Chapter 5, ironically, delves from what might seem the extreme high end of the programming spectrum--using a language to implement another language--to what might seem the low end of that same spectrum, namely creating processes built around the concept of having a certain number of registers, a handful of simple instructions, and a stack. Section 1 covers the simulation of an arbitrary register machine.
Section 2 describes the explicit-control evaluator. This differs from the evaluator of chapter 4 in that rather than being written metacircularly (that is, rather than being a Scheme evaluator written in Scheme) it is written in the language of the simulated register machine. Issues such as sequence evaluation and tail recursion optimization are covered, as are the handling of special forms, such as conditionals. A sample run of the evaluator is discussed, and then the issue of internal definitions is touched upon.
Section 3 discusses the compilation of Scheme programs for the simulated register machine. Compiling expressions, compiler data structures, code generation, interfacing to the evaluator, and lexical addressing are all presented in some depth.
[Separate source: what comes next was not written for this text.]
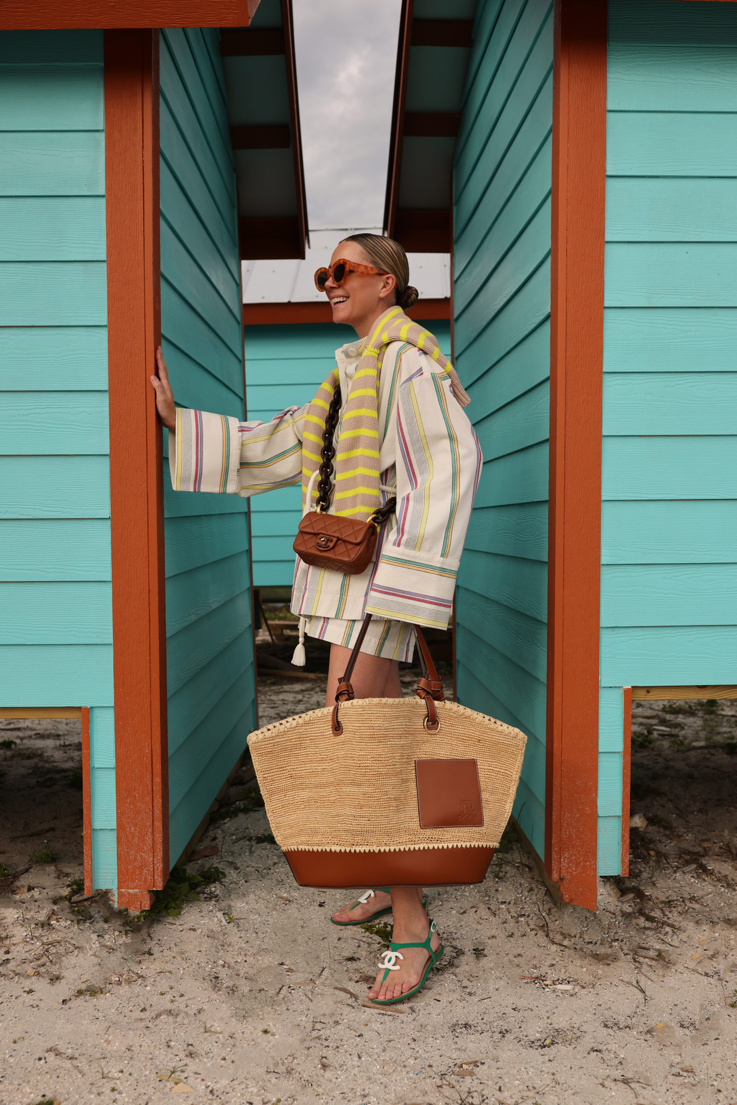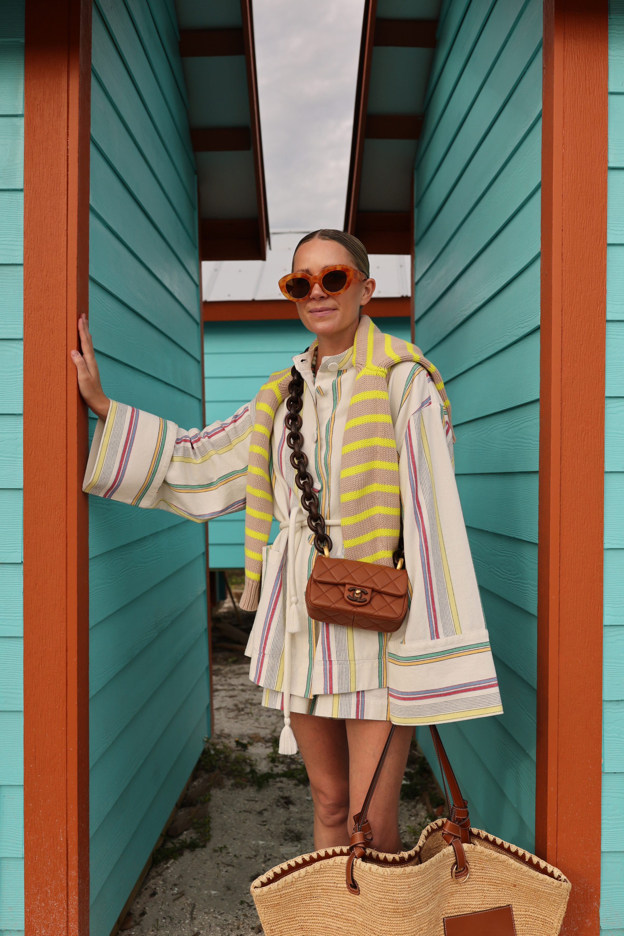 This rainbow stripe jacket and matching shorts are probably my two favorite pieces from the collection. I wore them with an old pair of Chanel sandals that I found on TRR, this necklace, and my bag from the Staud x St. Regis collection. There is also an adorable matching ric rac dress here!

Finally, Section 4 reveals some of the secrets of Lisps dynamic memory management, discussing how memory is allocated and how unused memory is automagically returned to the heap for later reuse.
The scope of Structure and Interpretation of Computer Programs may seem a bit daunting at first, but with a real Scheme such as Scheme Express in front of you, the secrets within this text come tumbling out at a sometimes alarming rate, and there is a great deal of pleasure to be had from mastering some aspect of programming that had eluded you before (at least, that has been my experience).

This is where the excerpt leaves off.